我们根据最近在 Sb2Te3 纳米线中实验发现的另一种 AA 堆叠,研究了 Sb2Te3 系统中各相的电子特性。这些材料的传统 ABC 堆叠是成熟热电材料的基础,部分原因与其复杂的拓扑电子结构有关。我们在 AA 堆叠的 Sb2Te3 中发现了拓扑行为,与 ABC 堆叠的情况一样,但载流子口袋与 ABC 堆叠的情况截然不同。虽然 AA 叠层 Sb2Te3 带边附近的电子结构仍然是三维的,但不如 ABC 叠层的情况,特别是对于 n 型。带状结构在面内方向呈现凯恩带状,带隙小,有效质量小。我们发现了低平面内有效质量和相对较高的光吸收这一不同寻常的组合。这种组合是红外探测所追求的特征。AA 叠层 Sb2Te3 具有准直接带隙(0.14 eV),在低载流子浓度下具有超小的空穴和电子传输效应质量(例如,在 1017 cm-3 时,me/h(ab)* ≈ 2 × 10-2 ;在 1016 cm-3 时,me/h(ab)* ≈ 2 × 10-3)。与传统的 ABC 堆叠相比,AA 堆叠的 Sb2Te3 具有明显不同的电子特性,可以在体形或异质结构中利用。此外,我们还报告了假想的 AA 叠层 Bi2Te3 姐妹化合物的研究结果。

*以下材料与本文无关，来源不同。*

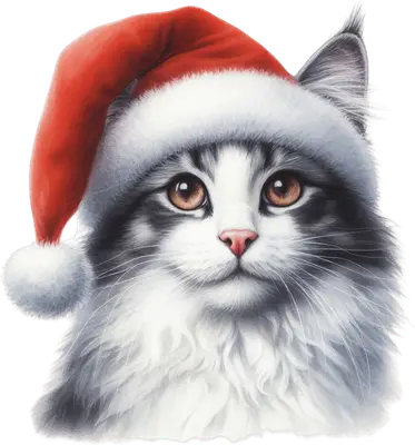 Cute Fluffy Santa Cat DTF Transfer | Christmas Kitten Heat Press Design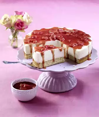 Remove the cake ring, arrange the cake on a plate. Before serving, spread the rhubarb compote on the cake and cut into pieces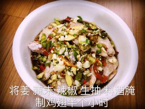 把蒜末姜生抽辣椒料酒腌制鸡翅半个小时 等会做鸡翅不用加盐了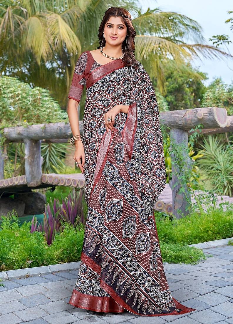 Multicolor Printed Pure Cotton Multicolor Saree With Blouse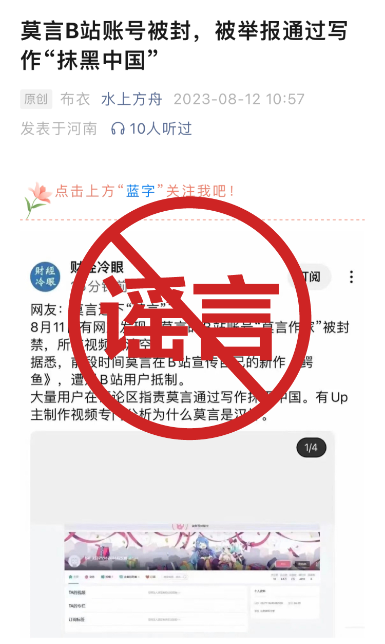 近期,我们关注到有网络账号杜撰称“莫言B站账号被封”等文章。经核实,此前有用户冒名注册“莫言作家”账号,并搬运莫言本人在其他社交平台上发布的内容。B站已对该高仿账号进行永封处理并下架全部侵权稿件。我们呼吁广大用户与平台一起共同维护清朗网络空间,坚决反对恶意冒充他人等不当言行。针对网络上蓄意编造、散布“莫言B站账号被封”等谣言的行为,我们将依据《网络信息内容生态治理规定》等规定采取相应法律手段,打击网络谣言,维护用户合法权益。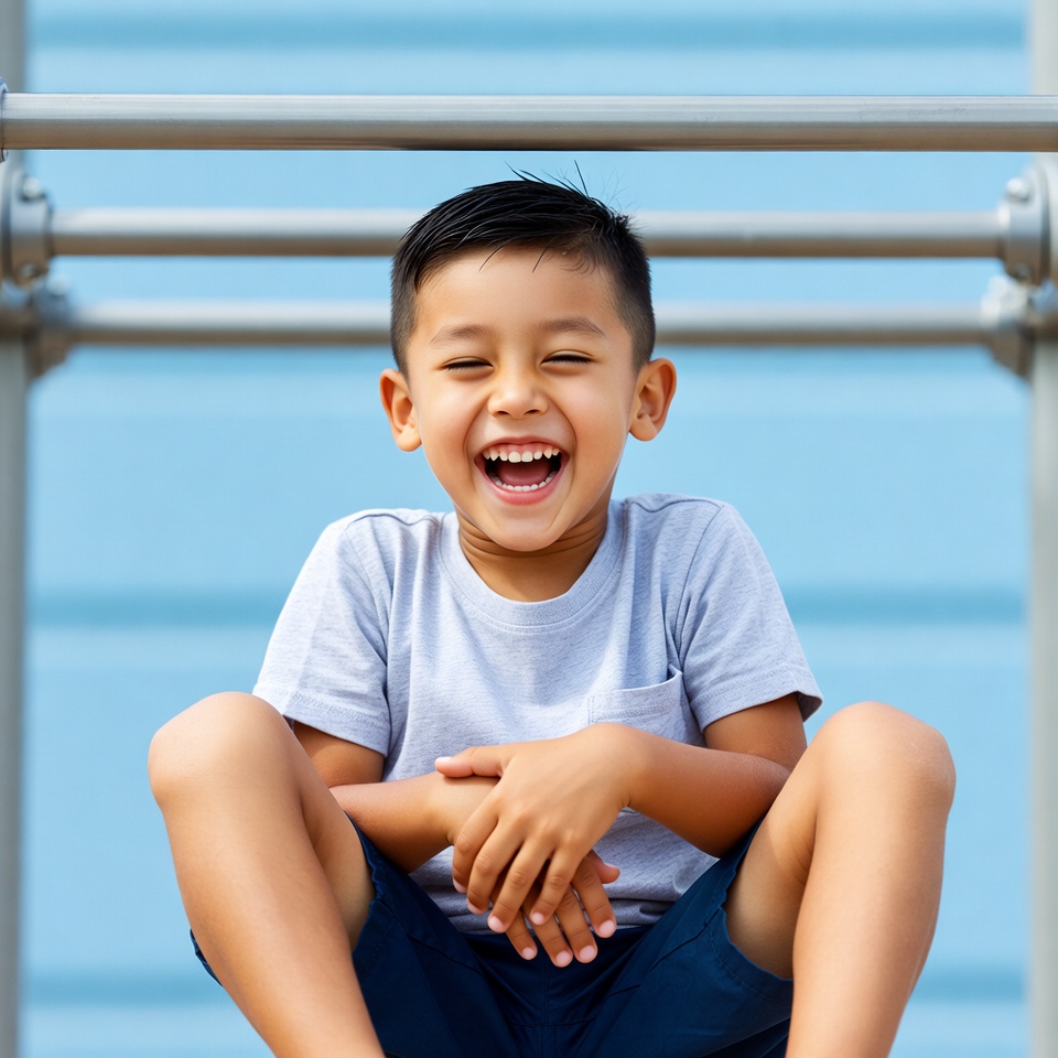 A young Asian boy with short black hair sits on metal playground bars against a blue background. He wears a gray t-shirt and navy shorts, grinning widely with squinted eyes. His hands clasp together in front as he squats happily.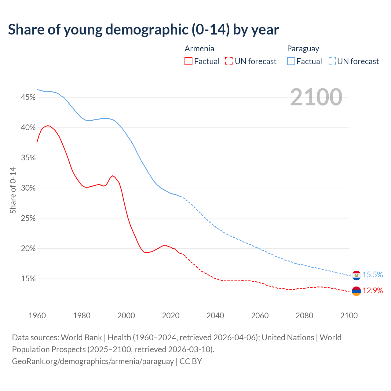 - The share of young demographic (0-15 years old) in Armenia is 19.2% vs 28.6% in Paraguay.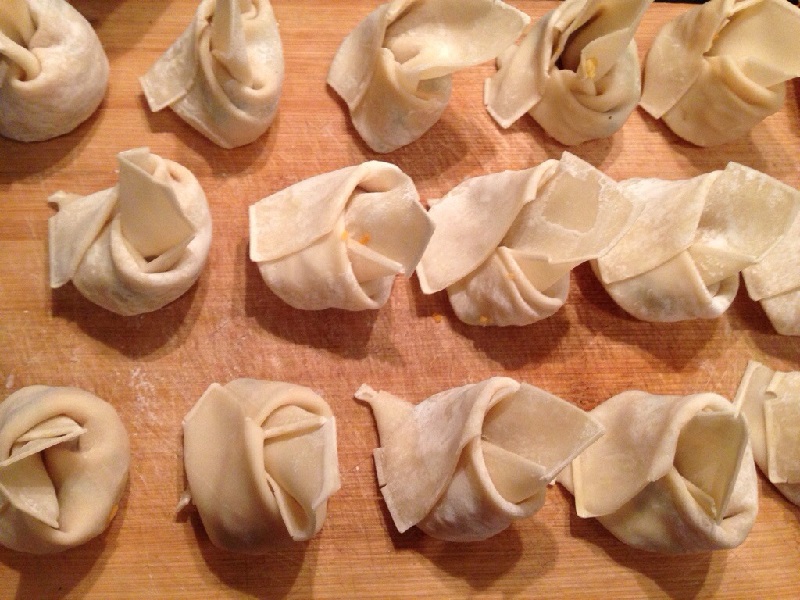 - Tiến hành gói hoành thánh với nhân vừa làm.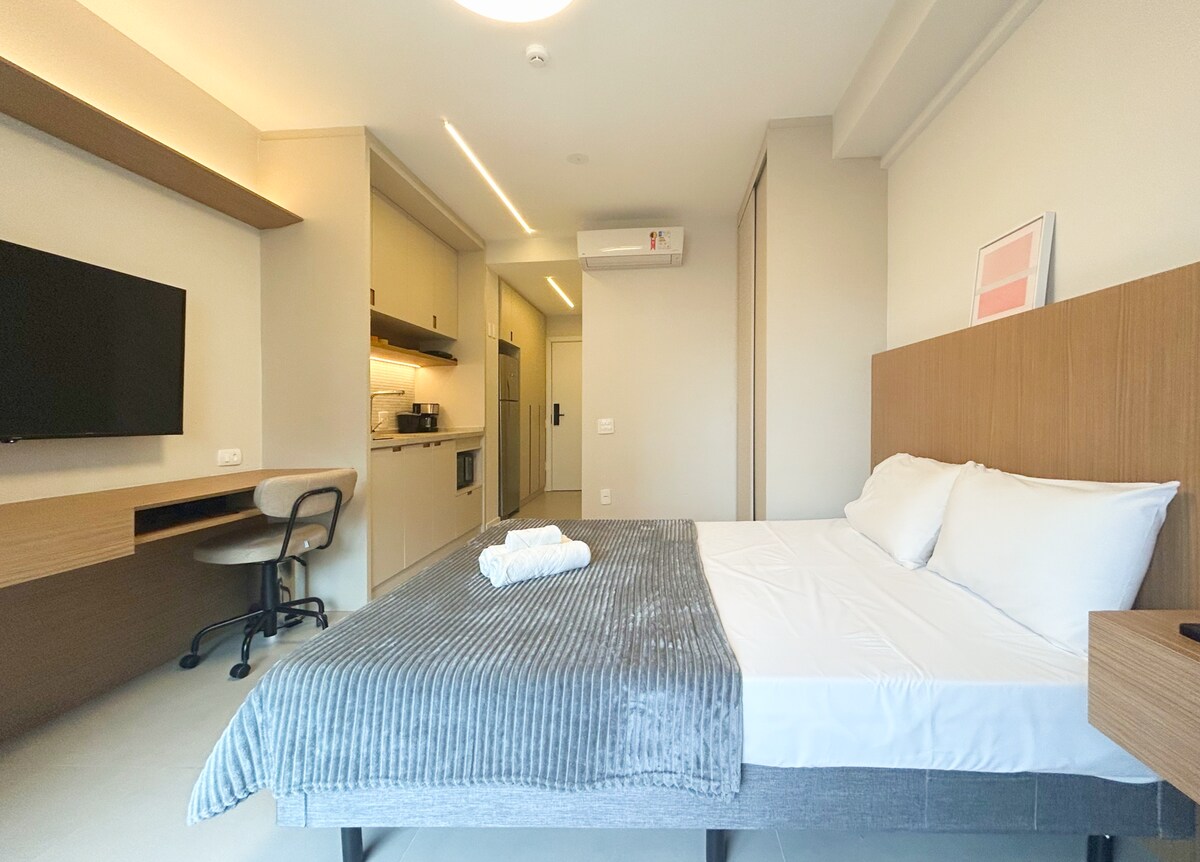Studio baharu lengkap dengan semua struktur yang anda perlukan untuk tinggal selama yang diperlukan. Tilam Simmons (sama digunakan di Disney Resorts) dan pilihan untuk katil kelamin atau dua katil bujang (kedua-duanya saiz King). Persekitaran yang selesa, moden, dan berfungsi, bersebelahan stesen kereta api bawah tanah Faria Lima dan dengan infrastruktur yang lengkap di kawasan ini! Bangunan dengan kolam renang, dobi, bilik mesyuarat, kerja bersama, gimnasium, barbeku, dan bilik parti, semuanya tersedia untuk tetamu!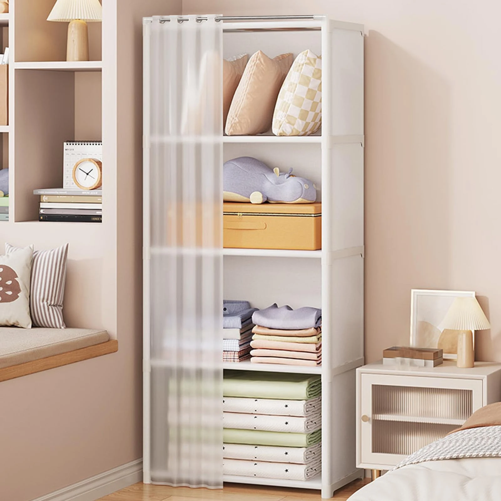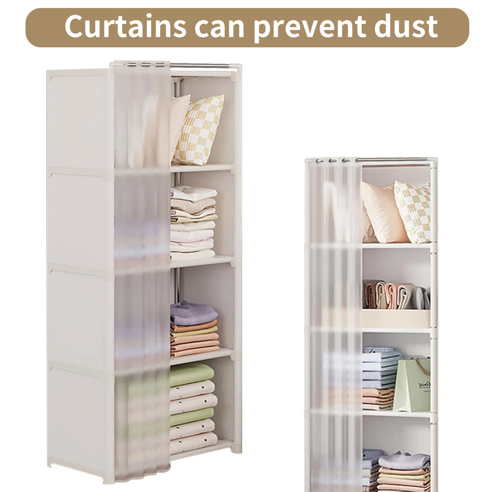 Effortless Convenience: With curtains for quick and easy access to you r clothes, this Portable Closet Wardrobe ensures dust-proof storage for a polished look. Simply pull the curtains to reveal neatly organized outfits and keep dust away from your clothing.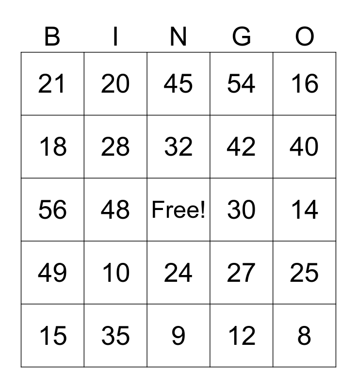 This bingo card has a free space and 24 words: 10, 35, 32, 15, 16, 21, 18, 20, 30, 24, 42, 56, 27, 25, 28, 12, 14, 45, 40, 48, 8, 49, 54 and 9.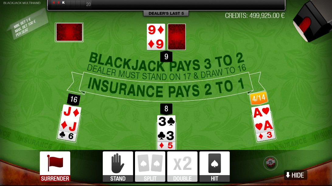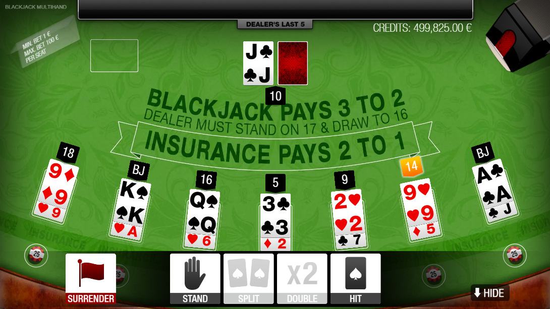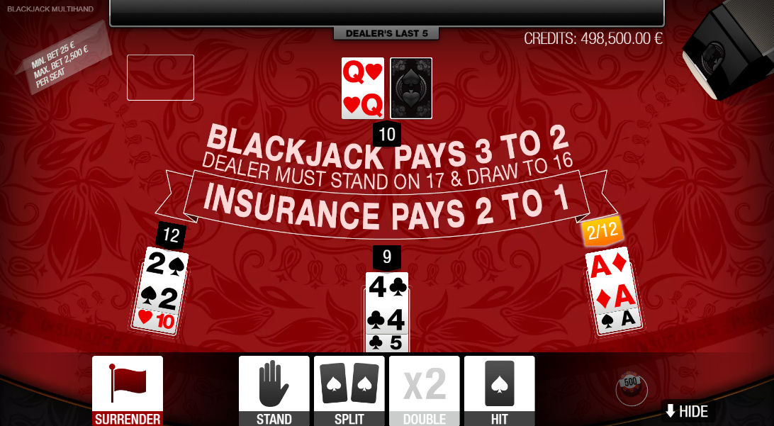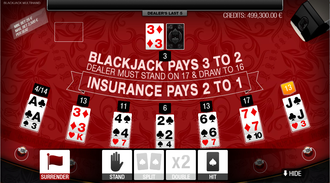 As regras são típicas do blackjack online: 6 baralhos, o dealer para no 17 suave, o dealer verifica se tem blackjack, dobra apenas de 9 a 11, dobra permitido após dividir, desistência permitida, divisão permitida apenas uma vez por mão inicial. A vantagem da casa sob essas regras é de 0,44%, de acordo com minha calculadora de vantagem da casa no blackjack .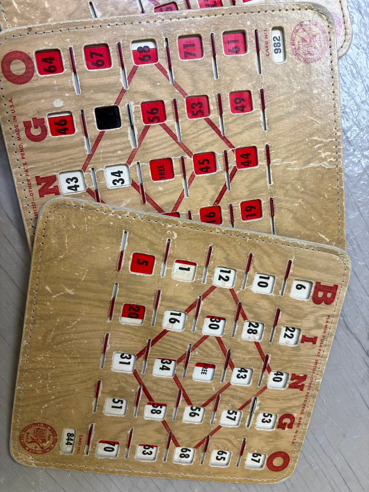 If you enjoy Bingo on Monday nights, you owe gratitude to Reta Psikla. Years ago, she spent many hours putting the number of each card into the computer system. “Once I got into a rhythm, it went quickly,” she said recently. You can see these old, primitive bingo cards on the shelf under the curtain opposite the pool table — little red cellophane windows you push open or closed. If you remember those days, leave a comment for others to see!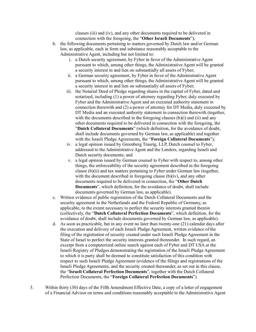 clauses (iii) and (iv), and any other documents required to be delivered in connection with the foregoing, the “Other Israeli Documents”); b. the following documents pertaining to matters governed by Dutch law and/or German law, as applicable, each in form and substance reasonably acceptable to the Administrative Agent, including but not limited to: i. a Dutch security agreement, by Fyber in favor of the Administrative Agent pursuant to which, among other things, the Administrative Agent will be granted a security interest in and lien on substantially all assets of Fyber; ii. a German security agreement, by Fyber in favor of the Administrative Agent pursuant to which, among other things, the Administrative Agent will be granted a security interest in and lien on substantially all assets of Fyber; iii. the Notarial Deed of Pledge regarding shares in the capital of Fyber, dated and notarized, including (1) a power of attorney regarding Fyber, duly executed by Fyber and the Administrative Agent and an executed authority statement in connection therewith and (2) a power of attorney for DT Media, duly executed by DT Media and an executed authority statement in connection therewith (together, with the documents described in the foregoing clauses (b)(i) and (ii) and any other documents required to be delivered in connection with the foregoing, the “Dutch Collateral Documents” (which definition, for the avoidance of doubt, shall include documents governed by German law, as applicable) and together with the Israeli Pledge Agreements, the “Foreign Collateral Documents”); iv. a legal opinion issued by Greenberg Traurig, LLP, Dutch counsel to Fyber, addressed to the Administrative Agent and the Lenders, regarding Israeli and Dutch security documents; and v. a legal opinion issued by German counsel to Fyber with respect to, among other things, the enforceability of the security agreement described in the foregoing clause (b)(ii) and tax matters pertaining to Fyber under German law (together, with the document described in foregoing clause (b)(iv), and any other documents required to be delivered in connection, the “Other Dutch Documents”, which definition, for the avoidance of doubt, shall include documents governed by German law, as applicable). c. Written evidence of public registration of the Dutch Collateral Documents and the security agreement in the Netherlands and the Federal Republic of Germany, as applicable, to the extent necessary to perfect the security interests granted therein (collectively, the “Dutch Collateral Perfection Documents”, which definition, for the avoidance of doubt, shall include documents governed by German law, as applicable). d. As soon as practicable, but in any event no later than twenty-one (21) calendar days after the execution and delivery of each Israeli Pledge Agreement, written evidence of the filing of the registration of security created under such Israeli Pledge Agreement in the State of Israel to perfect the security interests granted thereunder. In such regard, an excerpt from a computerized online search against each of Fyber and DT USA at the Israeli Registry of Pledges demonstrating the registration of the Israeli Pledge Agreement to which it is party shall be deemed to constitute satisfaction of this condition with respect to such Israeli Pledge Agreement (evidence of the filings and registrations of the Israeli Pledge Agreements, and the security created thereunder, as set out in this clause, the “Israeli Collateral Perfection Documents”, together with the Dutch Collateral Perfection Documents, the “Foreign Collateral Perfection Documents”). 3. Within thirty (30) days of the Fifth Amendment Effective Date, a copy of a letter of engagement of a Financial Advisor on terms and conditions reasonably acceptable to the Administrative Agent
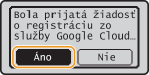 Stroj môžete zaregistrovať aj cez mobilné zariadenie alebo aplikáciu Google Chrome*. Na zariadení stroja sa pred dokončením registrácie zobrazí nasledujúca obrazovka s potvrdením. Stlačte <Áno>, čím dokončíte registráciu.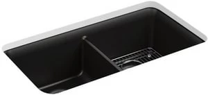 Promo 😀 KOHLER Cairn® 33-1/2 x 18-5/16 in. No Hole Composite Double Bowl Undermount Kitchen Sink in Matte Black 🎁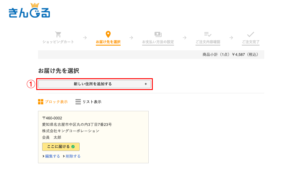 お届け先を登録されていない方、もしくは一覧にご希望の住所が無い場合は、【①新しい住所を追加する】をクリックして新しい住所を追加してください。
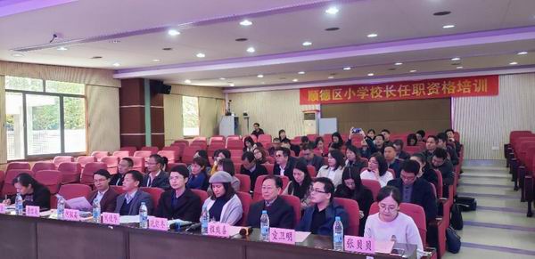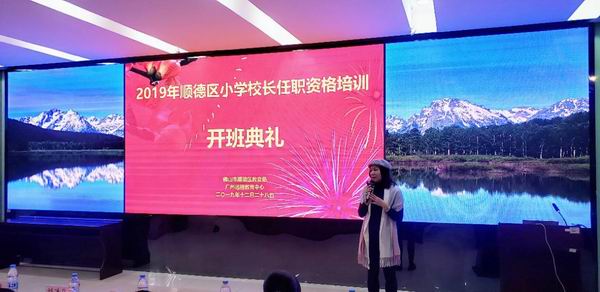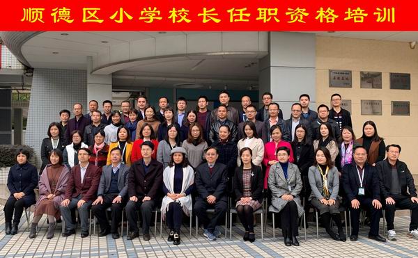 2018 年12月28日上午, 順德區小學校長任職資格培訓班在順德區教育發展中心B座一樓報告廳首次集中培訓。廣州遠程教育中心程庭喜教授、順德區教育局冼彌冬副局長、順德區教育局組織人事科劉進華科長等領導和嘉賓出席了開班典禮,全區45名小學校長參加本次培訓。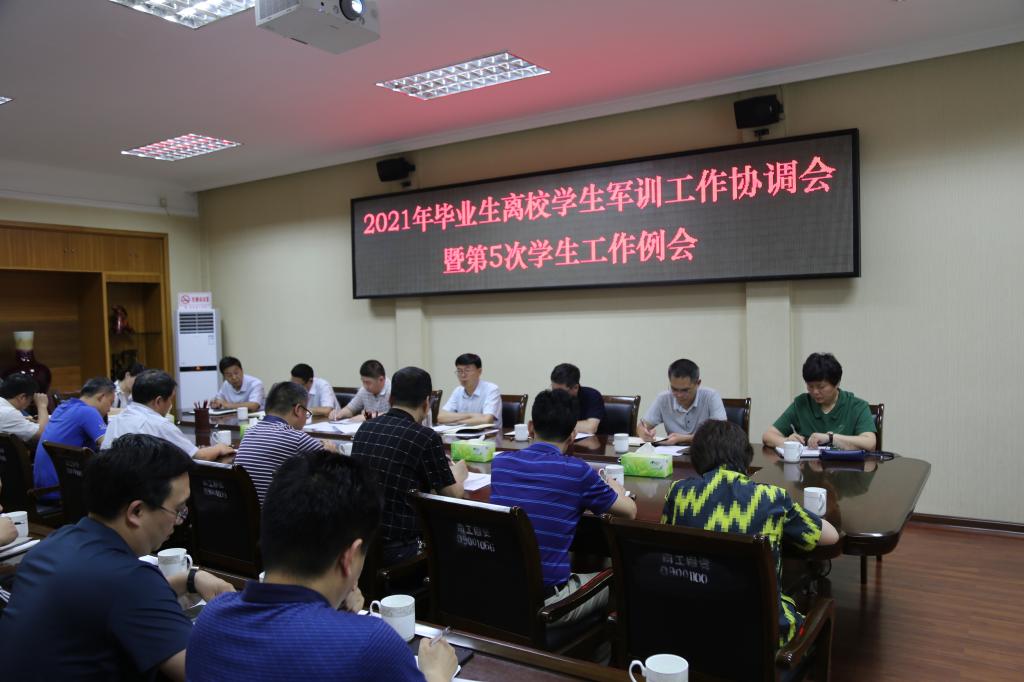 本网讯(特约记者/张启鑫)6月7日,校党委副书记、工会主席张伟主持召开我校2021年毕业生离校、学生军训工作协调会暨第5次学生工作例会。党政办公室、组织部、宣传部,学生处、保卫处、教务处等单位主要负责人,各教学院党委书记参加会议。

本文章由计算机程序翻译,如有差异,请以英文原文为准。

Layer Stacking-Induced Transition to a Kane-Band Semiconductor in Sb2Te3

Layer Stacking-Induced Transition to a Kane-Band Semiconductor in Sb2Te3
We investigate the electronic properties of phases in the Sb2Te3 system based on the alternate AA stacking that was recently experimentally identified in Sb2Te3 nanowires. The conventional ABC stacking of these materials is the basis of well-established thermoelectric materials related in part to their complex topological electronic structures. We find topological behavior in AA-stacked Sb2Te3, as in the ABC-stacked case, but the carrier pockets are distinctly different from those in the ABC-stacked case. While the electronic structure near the band edges remains three-dimensional with the AA-stacked Sb2Te3, it is less so than in the ABC case, particularly for n-type. The band structure shows a Kane band shape in the in-plane direction, with a small band gap and small effective masses. We find an unusual combination of low in-plane effective mass and relatively high optical absorption. This combination is a sought-after feature for infrared detection. AA-stacked Sb2Te3 has a quasi-direct band gap (0.14 eV) and ultrasmall hole and electron transport effect masses at low carrier concentrations (e.g., me/h(ab)* ≈ 2 × 10–2 at 1017 cm–3 and 2 × 10–3 at 1016 cm–3). The distinctly different electronic properties of AA-stacked Sb2Te3 as compared to the conventional ABC stacking yield different properties that may potentially be exploited in bulk form or in heterostructures. We additionally report results for the hypothetical AA-stacked Bi2Te3 sister compound.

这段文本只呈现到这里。